Learning Bayesian Statistics

How do you design a good experimental study? How do you even know that you’re asking a good research question? Moreover, how can you align funding and publishing incentives with the principles of an open source science?

Let’s do another “big picture” episode to try and answer these questions! You know, these episodes that I want to do from time to time, with people who are not from the Bayesian world, to see what good practices there are out there. The first one, episode 15, was focused on programming and python, thanks to Michael Kennedy. 

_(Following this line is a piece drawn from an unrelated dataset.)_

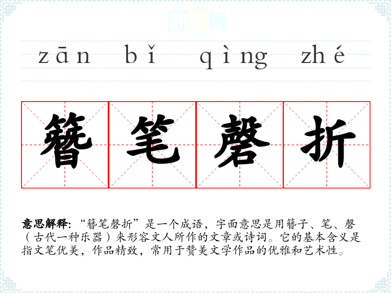 “簪笔磬折”是一个成语,字面意思是用簪子、笔、磬(古代一种乐器)来形容文人所作的文章或诗词。它的基本含义是指文笔优美,作品精致,常用于赞美文学作品的优雅和艺术性。

In this one, you’ll meet Daniel Lakens. Daniel is an experimental psychologist at the Human-Technology Interaction group at Eindhoven University of Technology, in the Netherlands. He’s worked there since 2010, when he received his PhD in social psychology. 

His research focuses on how to design and interpret studies, applied meta-statistics, and reward structures in science. Daniel loves teaching about research methods and about how to ask good research questions. He even crafted free Coursera courses about these topics. 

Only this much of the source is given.